Creator Name Normalization
Handles initials, titles, suffixes, and punctuation:
import { normalizeCreatorName } from "@colibri-hq/sdk/ingestion";
normalizeCreatorName("J.K. Rowling"); // "jk rowling"
normalizeCreatorName("J. K. Rowling"); // "jk rowling"
normalizeCreatorName("Rowling, J.K."); // "jk rowling"
normalizeCreatorName("Dr.

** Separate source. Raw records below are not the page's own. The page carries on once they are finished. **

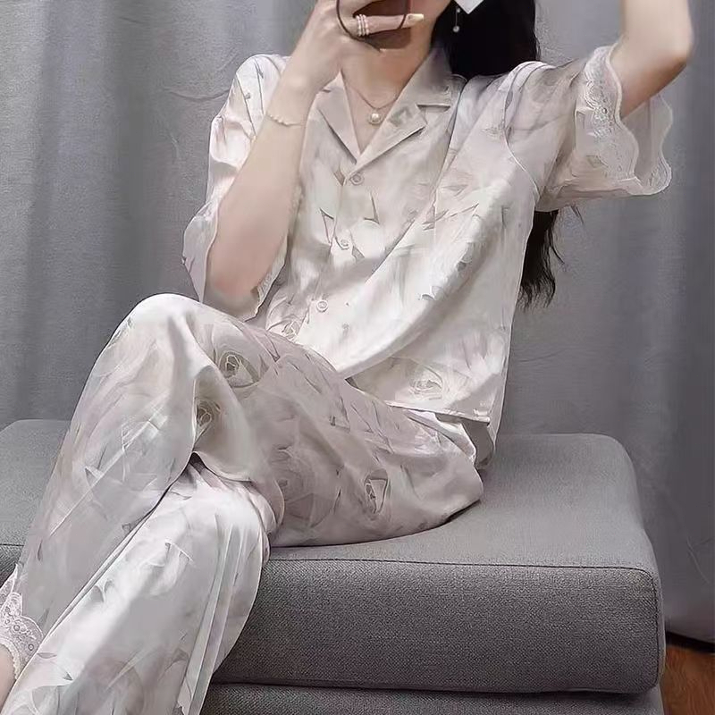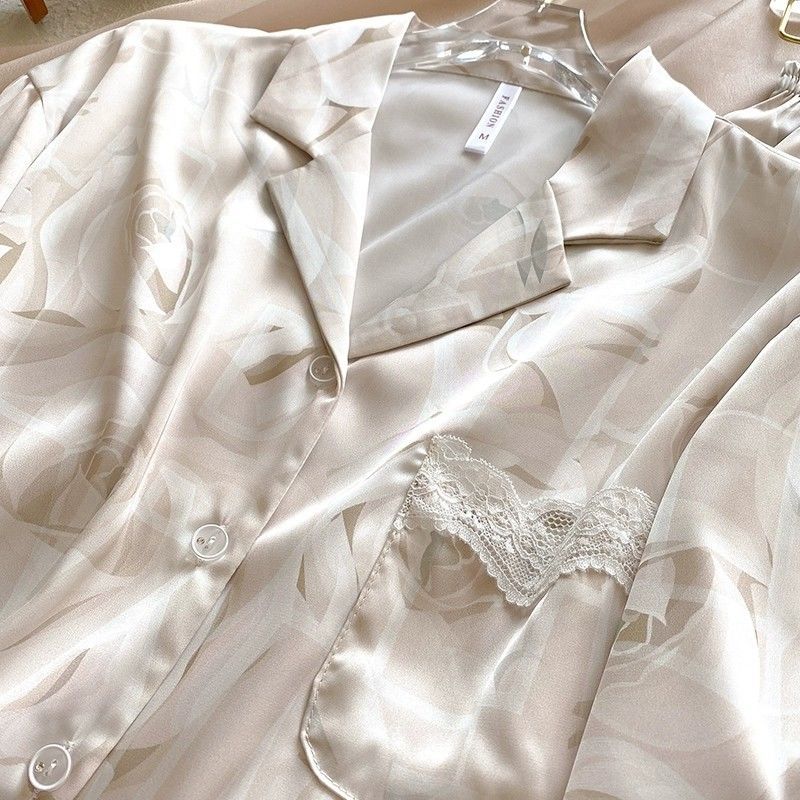 Baju Setelan Piyama Tidur Wanita Kekinian Renda Satin Motif Bunga Pakaian Rumah Wanita Korea Style Terbaru 2025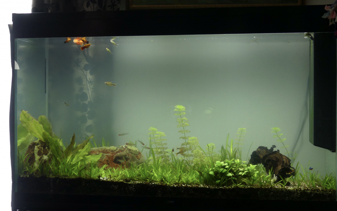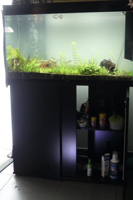 Aquarium 200 L de marque Ciano vendu avec - son meuble 2 portes 1 étagère, - pompe, - rampe d’éclairage à led, - petire épuisette, - pince crabe, - pompe aspirante de nettoyage du fond fonctionnant à piles, - thermomètre. Le fond est composé de substrat pour plantes aquatiques recouvert de couches de graviers. Plantes et décor (cep de vigne flotté, deux pierres) sont 100 % naturels Hauteur totale : 144 cm - largeur 100 cm - profondeur 39 cm Différentes espèces occupent le bassin : ancistrus gold et léopard bande nez rouges platy énorme escargot etc… Nos poissons sont joyeux, aucune agressivité entre eux.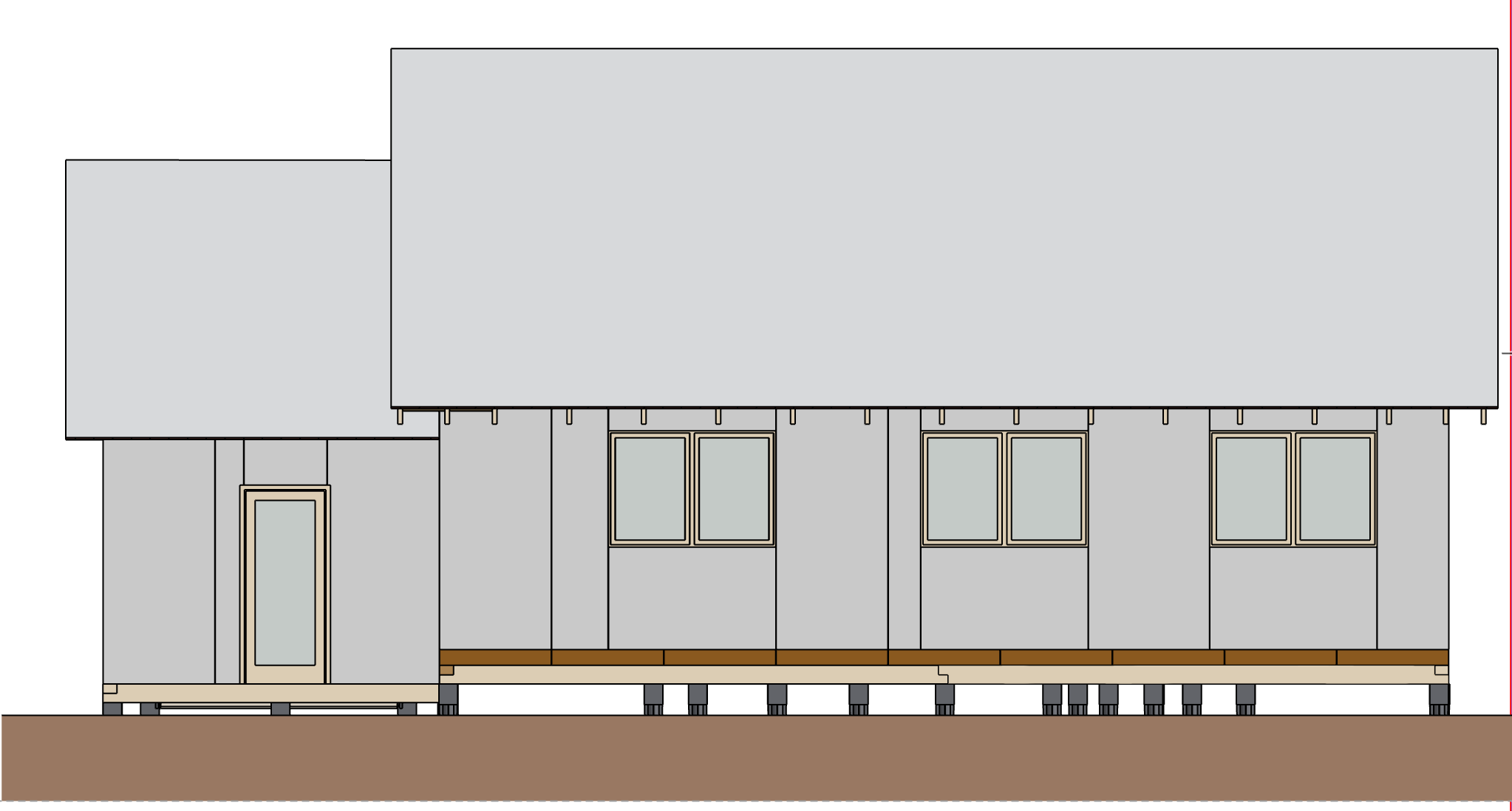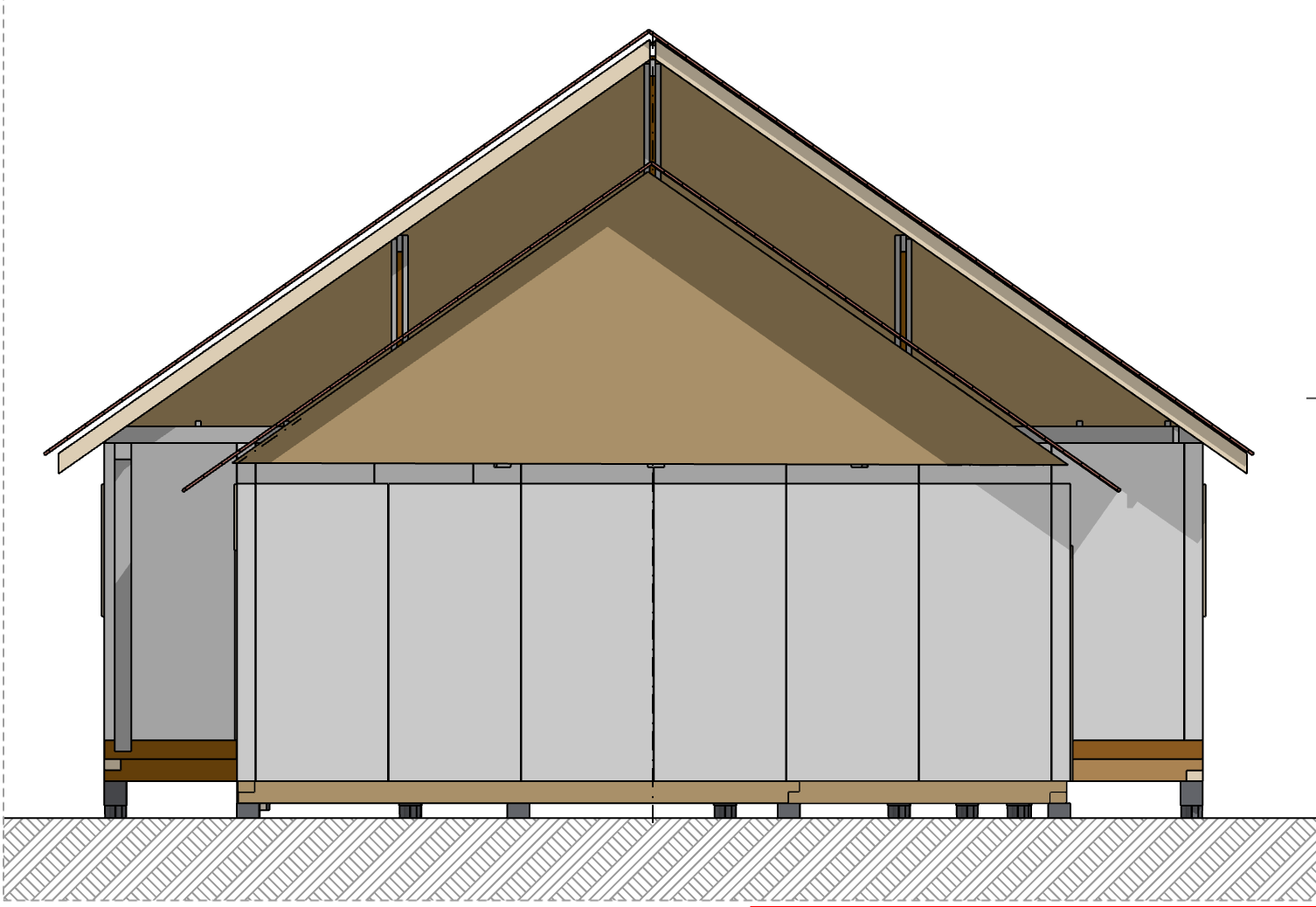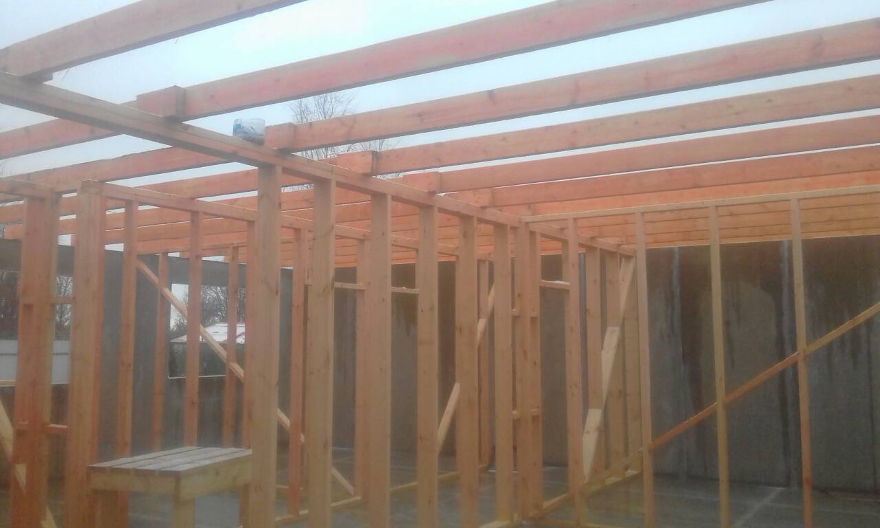 Ростверк изготовлен из калиброванного клееного бруса и защищен снаружи цементно-стружечной плитой

John Smith"); // "john smith"
normalizeCreatorName("Martin Luther King Jr."); // "martin luther king"
normalizeCreatorName("José García"); // "jose garcia"Supported transformations:
- Titles: Dr, Prof, Sir, Dame, Lord, Lady, Rev, Father, Mother, Brother, Sister, Saint, St, Pope
- Suffixes: Jr, Sr, Junior, Senior, I-XV (Roman numerals), PhD, MD, Esq
- Accents and diacritics normalized to ASCII
- Apostrophes removed (O’Brien → obrien)
- Hyphens preserved in hyphenated names
Publisher Name Normalization
Removes business suffixes and common words:
import { normalizePublisherName } from "@colibri-hq/sdk/ingestion";
normalizePublisherName("Penguin Books Ltd."); // "penguin"

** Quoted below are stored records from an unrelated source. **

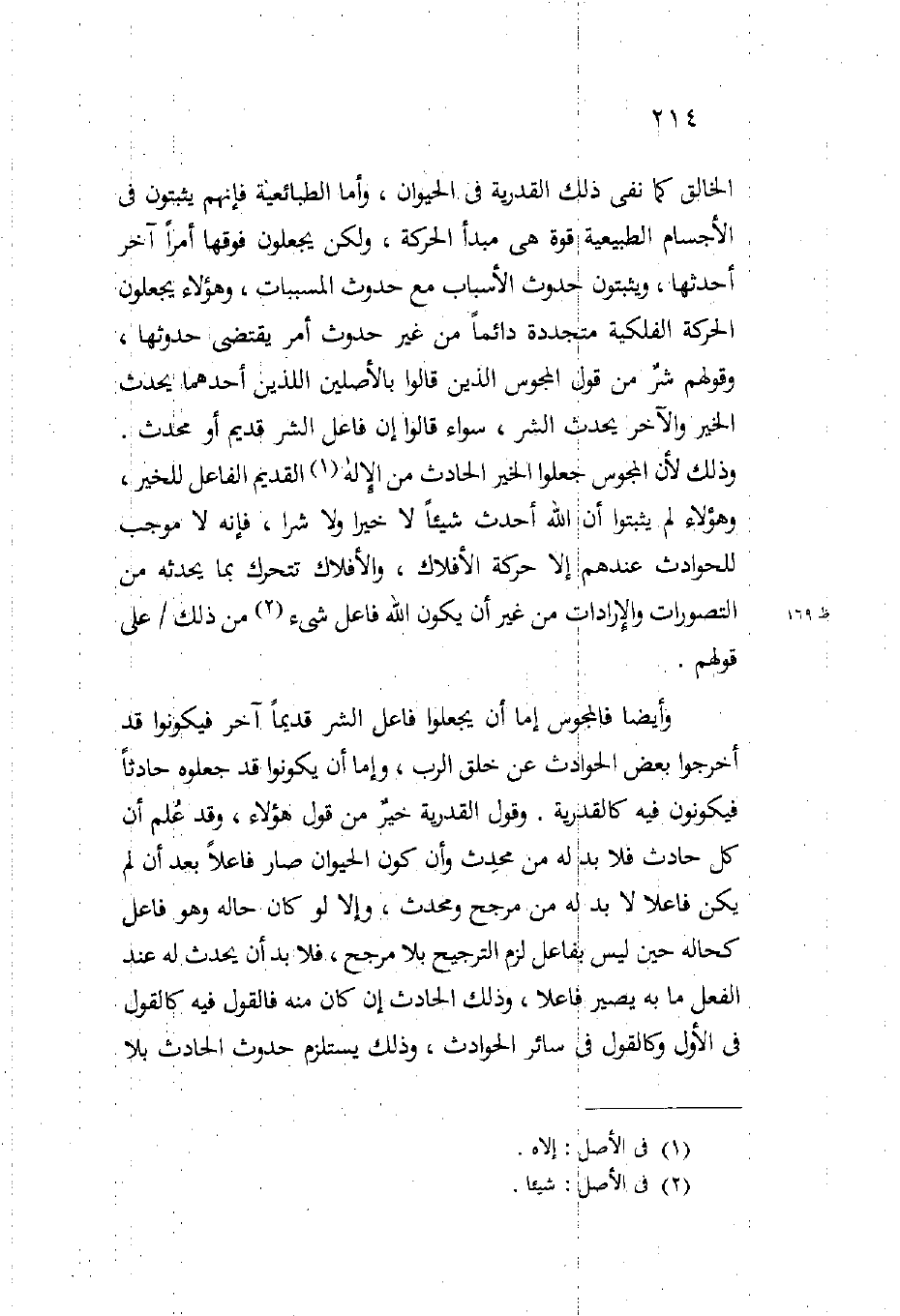 وأيضا فالمجوس إما أن يجعلوا فاعل الشر قديما آخر فيكونوا قد أخرجوا بعض الحوادث عن خلق الرب وإما أن يكونوا قد جعلوه حادثا فيكونون فيه كالقدرية وقول القدرية خير من قول هؤلاء وقد علم أن كل حادث فلا بد له من محدث وأن كون الحيوان صار فاعلا بعد أن لم يكن فاعلا لا بد له من مرجح ومحدث وإلا لو كان حاله وهو فاعل كحاله حين ليس بفاعل لزم الترجيح بلا مرجح فلا بد أن يحدث له عند الفعل ما به يصير فاعلا وذلك الحادث إن كان منه فالقول فيه كالقول في الأول وكالقول في سائر الحوادث وذلك يستلزم حدوث الحادث بلا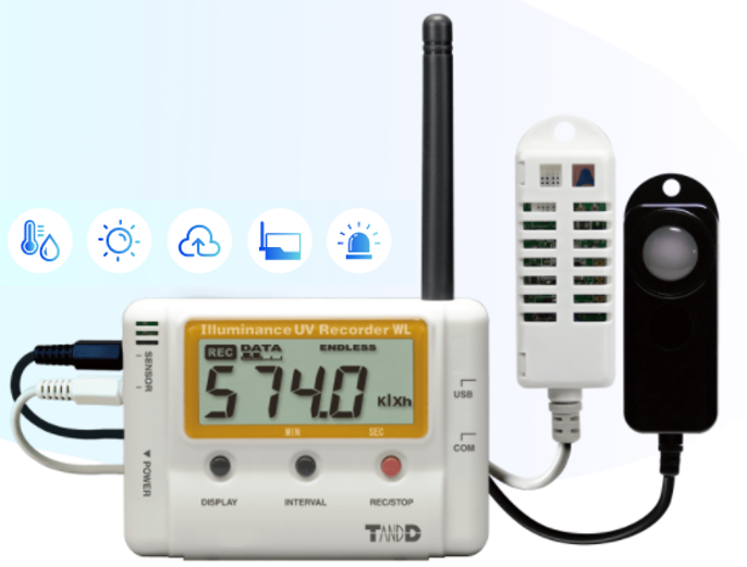 LOG-L574-H kan inte bara mäta och registrera UV, ljusstyrka, temperatur och fuktighet, men kan också registrerar och visar kumulativa UV och ljusstyrka.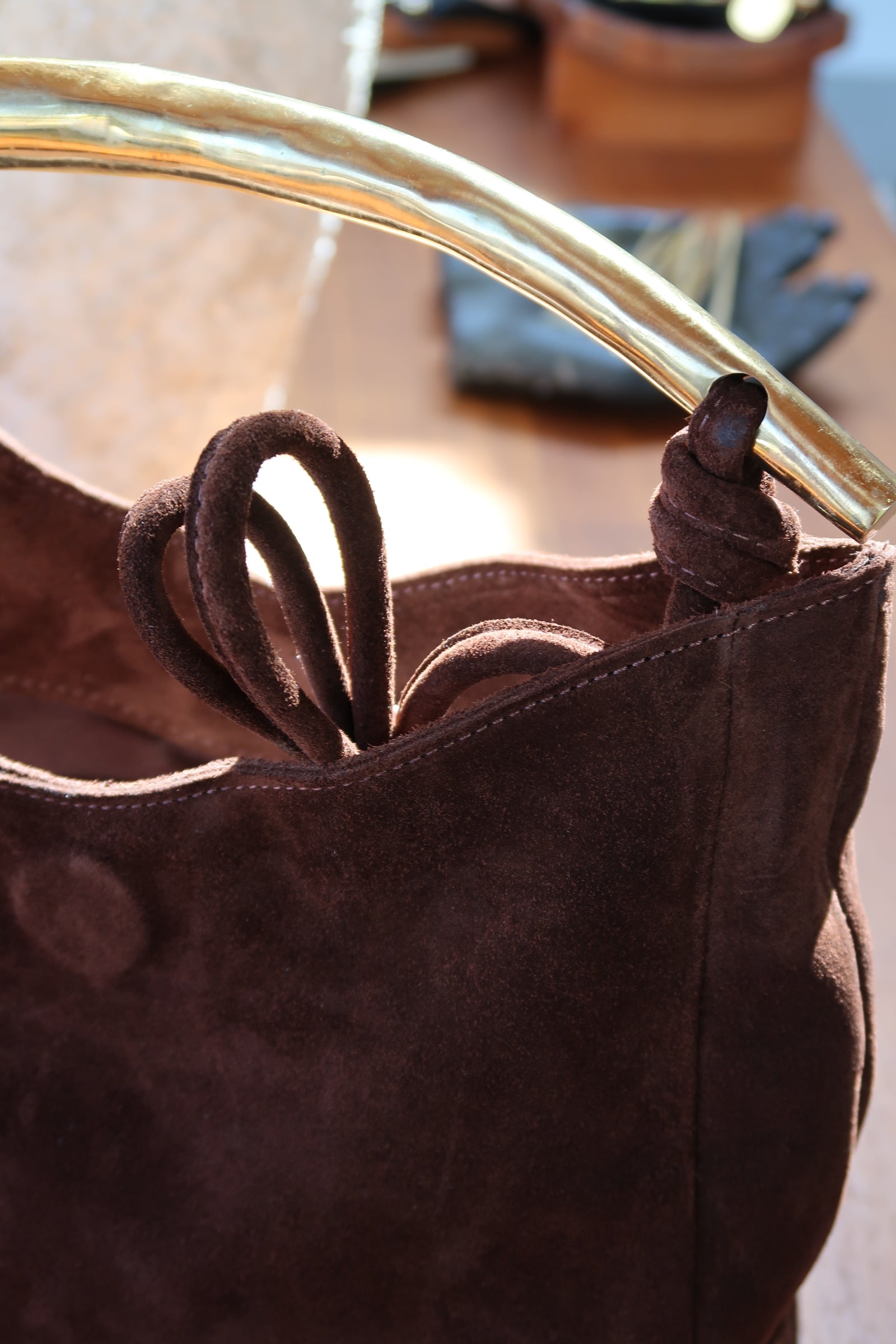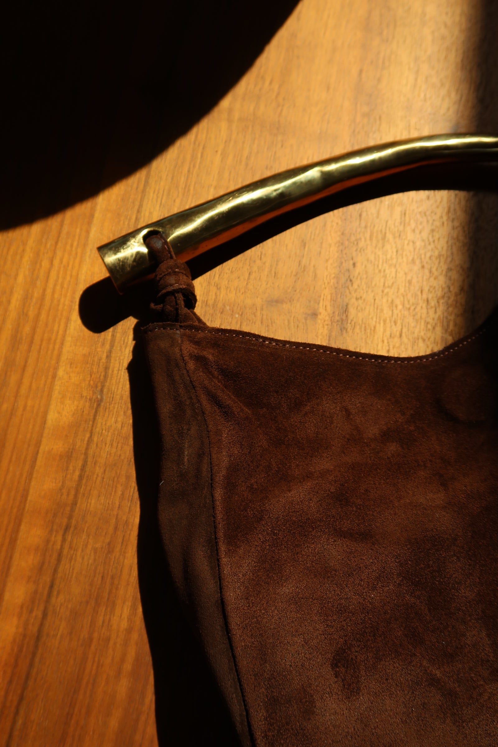 A sculptural silhouette with roots in heritage craft. The Mara Bag is distinguished by its artisan-made brass handle, a striking piece of functional art created by artisans in Kenya — where this design first came to life. Today, the bag is crafted in Los Angeles using sustainably sourced European suede, marrying global craftsmanship with our California roots.

normalizePublisherName("The Penguin Press"); // "penguin"
normalizePublisherName("O'Reilly Media"); // "oreilly media"
normalizePublisherName("McGraw-Hill"); // "mcgraw-hill"Supported transformations:
- Business suffixes: Ltd, LLC, Inc, Corp, Co, Company
- Publishing words: Publishing, Publishers, Book(s), Press, Group
- Geographic terms: International, Worldwide
- Parentheticals removed (e.g., “Penguin (US)” → “penguin”)
Fuzzy Matching
Find similar creators or publishers in the database:
import { findSimilarCreators, findSimilarPublishers } from "@colibri-hq/sdk";
// Find creators with similar names (default threshold: 70%)

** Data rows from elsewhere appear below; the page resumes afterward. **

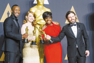 2月26日,在美国洛杉矶好莱坞杜比剧院,(从左至右)最佳男配角奖获得者马赫沙拉·阿里、最佳女主角奖获得者艾玛·斯通、最佳女配角奖获得者维奥拉·戴维斯和最佳男主角奖获得者卡西·阿弗莱克合影。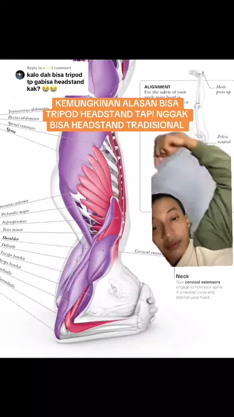 Replying to @v✨ kamu sendiri merasa leher sakit habis tripod nggak? Hati hati ya. Kasihan lehermu. Kuatkan lagi lengan dan bahu dan punggung atas serta core untuk mengurangi tekanan di leher.#tripodheadstand#headstand#inversion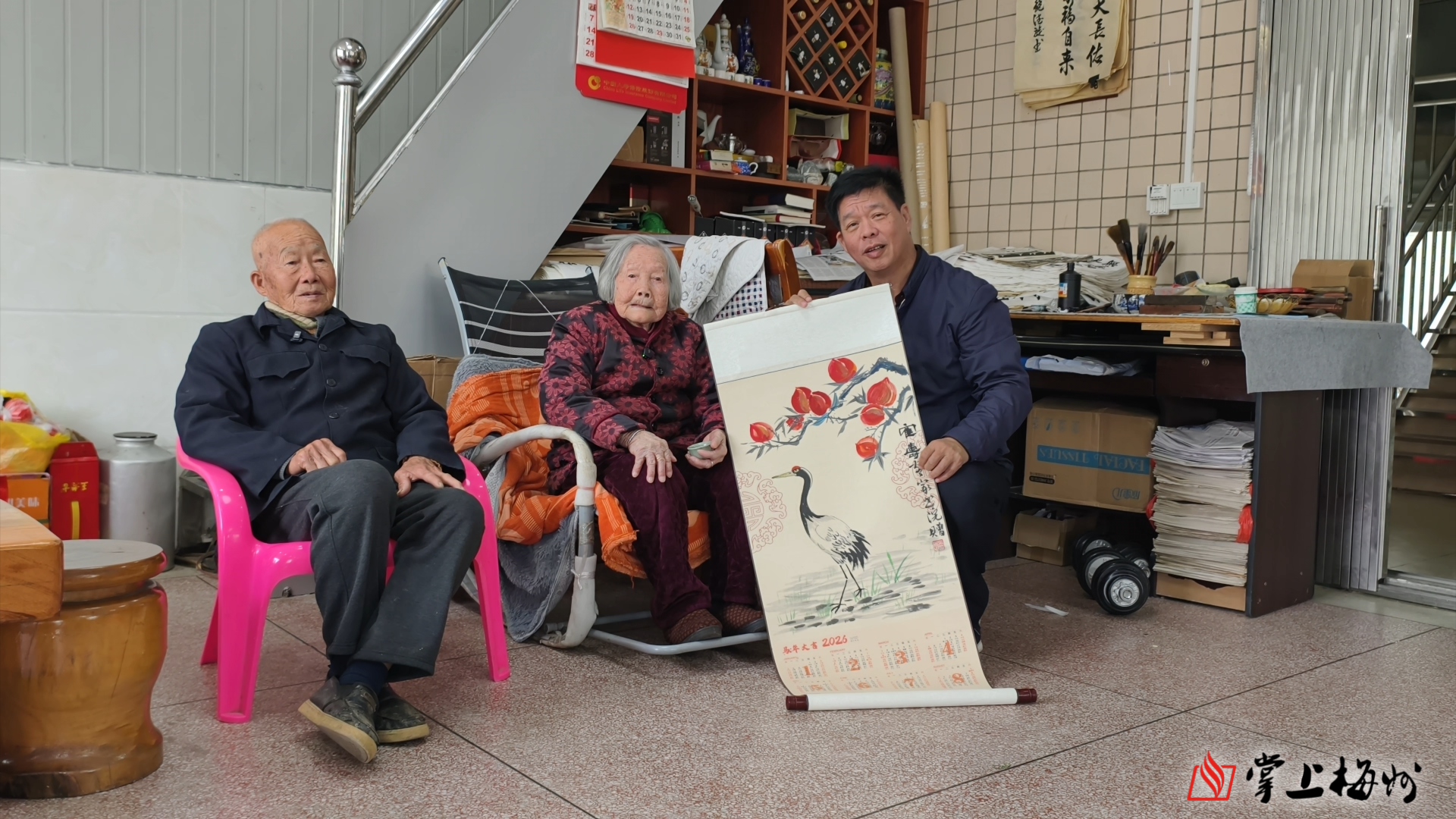 本文作者给赖祝娘(中)和赖永芳(左)姐弟赠送《鹤寿图》。

const similar = await findSimilarCreators(database, "J. K. Rowling", 0.7);
// Returns: [{ creator: { name: "J.K. Rowling", ... }, similarity: 0.92 }]
// Find publishers with similar names
const matches = await findSimilarPublishers(database, "Penguin Books", 0.7);
// Returns: [{ publisher: { name: "Penguin", ... }, similarity: 0.87 }]During ingestion, fuzzy matching is applied automatically to prevent duplicate creators and publishers.
Confidence Scoring
Confidence scores indicate the reliability of enriched metadata.
Confidence Tiers
| Range | Tier | Meaning |
|---|---|---|
| 0.95-1.00 | Exceptional | Very high confidence, multiple authoritative sources |
| 0.90-0.95 | Strong | High confidence, reliable data |
| 0.70-0.90 | Good | Good confidence, likely accurate |
| 0.50-0.70 | Moderate | Moderate confidence, may need verification |
| 0.30-0.50 | Weak | Low confidence, verification recommended |
| 0.00-0.30 | Poor | Very low confidence, likely unreliable |
Confidence Calculation
Confidence scores are calculated based on:
- Base Confidence: Provider’s initial confidence (0.5-0.9)
- Source Count Boost: +0.05 per additional source (max +0.15)
- Agreement Boost: +0.10 when sources agree on values
- Reliability Boost: +0.08 for high-quality providers
- Disagreement Penalty: -0.10 to -0.20 for conflicting data
Example:
WikiData alone: 0.90
+ LoC agreeing: 0.95 (+0.05 source boost)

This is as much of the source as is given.